1

Using godbolt.org x86-64 gcc 11.2, This code...

typedef int v4i __attribute__ ((vector_size (16)));

typedef union {
    v4i v;
} int4;

int4 mul(int4 l, int4 r)
{
    return (int4){.v=l.v * r.v};
}

...produces this assembly (when compiled with -O3 -mavx)...

mul:
        vpmulld xmm0, xmm0, xmm1
        ret

However this code...

typedef int v4i __attribute__ ((vector_size (16)));

typedef union {
    v4i v;
    struct {int x,y,z,w;}; // this line is the change
    int i[4]; // this one too
} int4;

int4 mul(int4 l, int4 r)
{
    return (int4){.v=l.v * r.v};
}

...produces this assembly (when also compiled with -O3 -mavx)...

mul:
        mov     QWORD PTR [rsp-40], rdi
        mov     QWORD PTR [rsp-32], rsi
        vmovdqa xmm1, XMMWORD PTR [rsp-40]
        mov     QWORD PTR [rsp-24], rdx
        mov     QWORD PTR [rsp-16], rcx
        vpmulld xmm0, xmm1, XMMWORD PTR [rsp-24]
        vmovdqa XMMWORD PTR [rsp-40], xmm0
        mov     rax, QWORD PTR [rsp-40]
        mov     rdx, QWORD PTR [rsp-32]
        ret

x86-64 clang 13.0.1 has similar results

So my question is, how can I convince gcc (and/or clang) that these 2 blocks of code should produce the same output?

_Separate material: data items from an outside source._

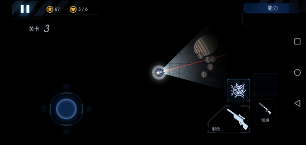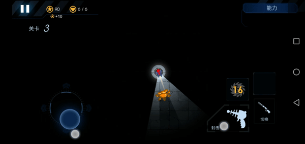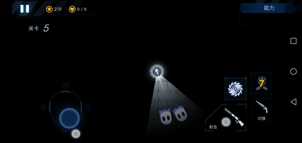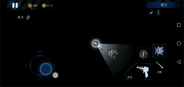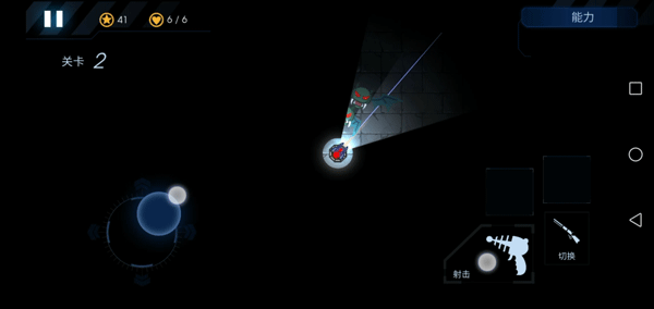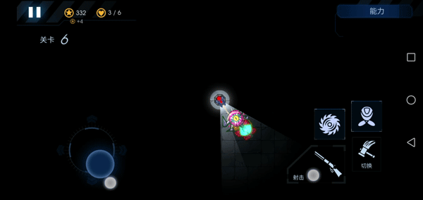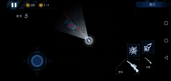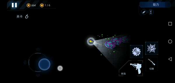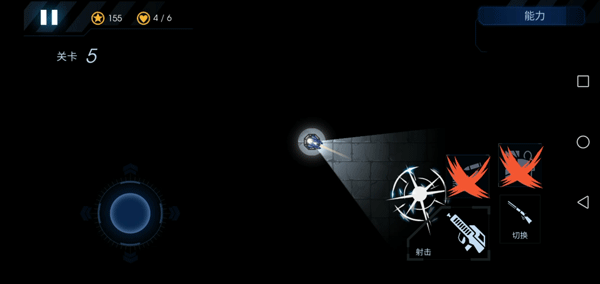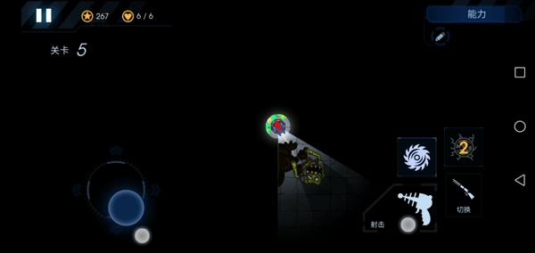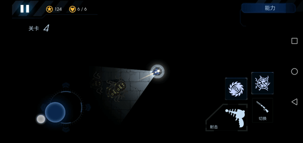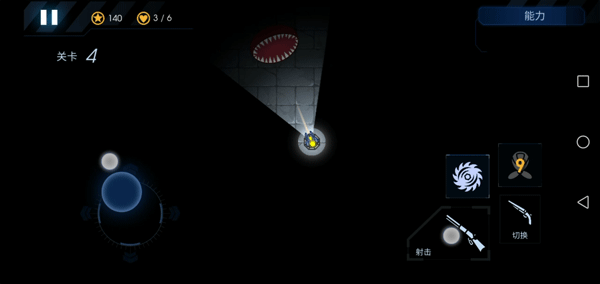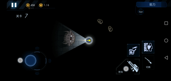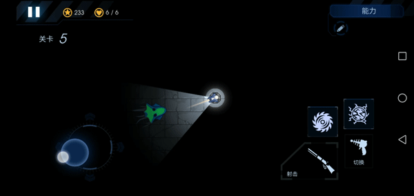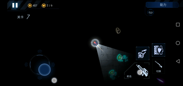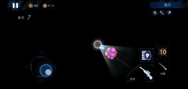 7、屏幕左边控制炮台的射击方向和照明区域,右边是开火、切换武器和放技能的按钮。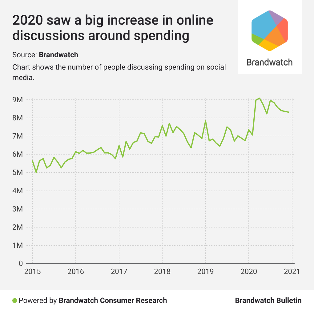 More conversation around spending doesn’t necessarily mean more spending. It simply means that consumers are more compelled to talk about the subject, and therefore there’s more that can be learned from analyzing all the chatter.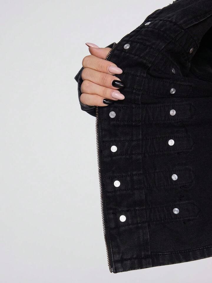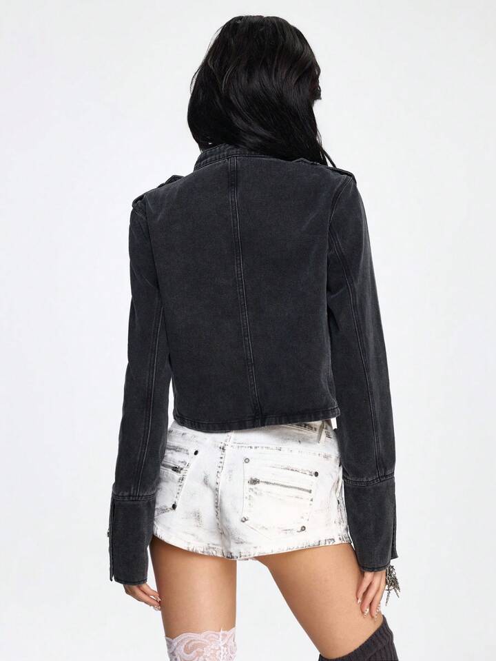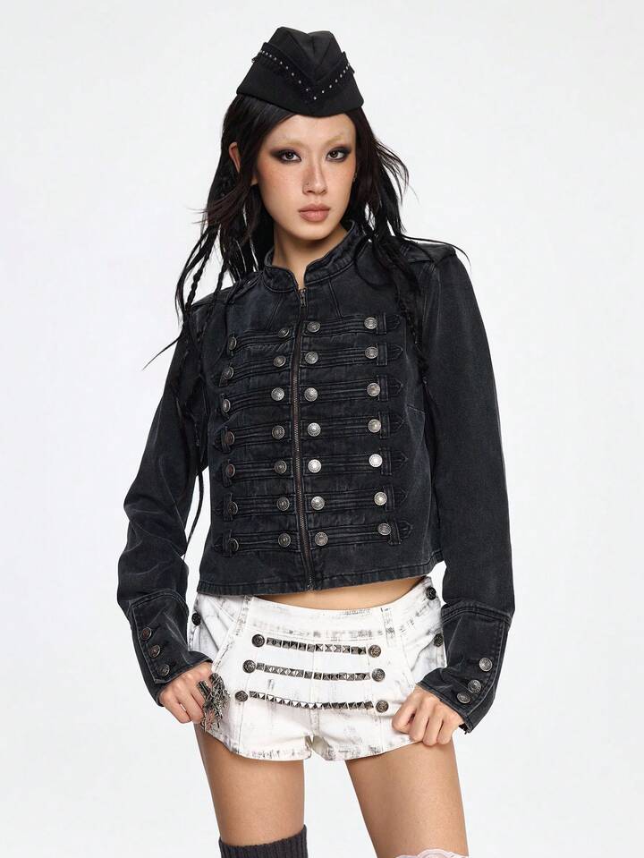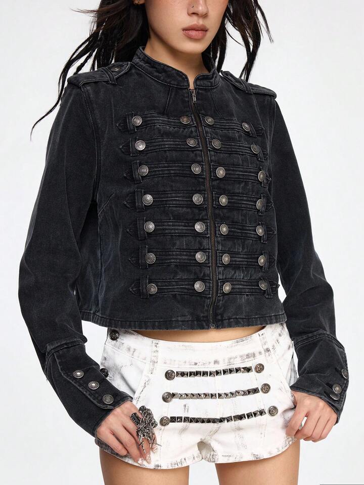 Grunge Punk جاكيت جينز مبهتة بإغلاق معدني بنمط بحري بانك فينتاج

I've tried __attribute__ ((aligned)), removing the int i[4]; or the struct, applying __attribute__ ((packed)) to the struct, I even gave __attribute__ ((transparent_union)) a go. Whatever magic status __attribute__ ((vector_size (16))) bestows is broken by adding anything to the union.

burito
  • 813
  • 1
  • 7
  • 22
  • Almost a duplicate of [SSE vector wrapper type performance compared to bare \_\_m128](https://stackoverflow.com/q/36833462) but that's talking about 32-bit mode Windows calling conventions, not x86-64 System V. Related: [What is the calling convention for floating-point values in C for x86\_64 in System V?](https://stackoverflow.com/q/57859857) and also [C++ operator\[\] access to elements of SIMD (e.g. AVX) variable](https://stackoverflow.com/q/64282775) – Peter Cordes Mar 17 '22 at 15:49

2 Answers2

0

I should say that I have never worked with this attribute personally and I checked the gcc just now, but from document I saw something that I think will be useful for your problem.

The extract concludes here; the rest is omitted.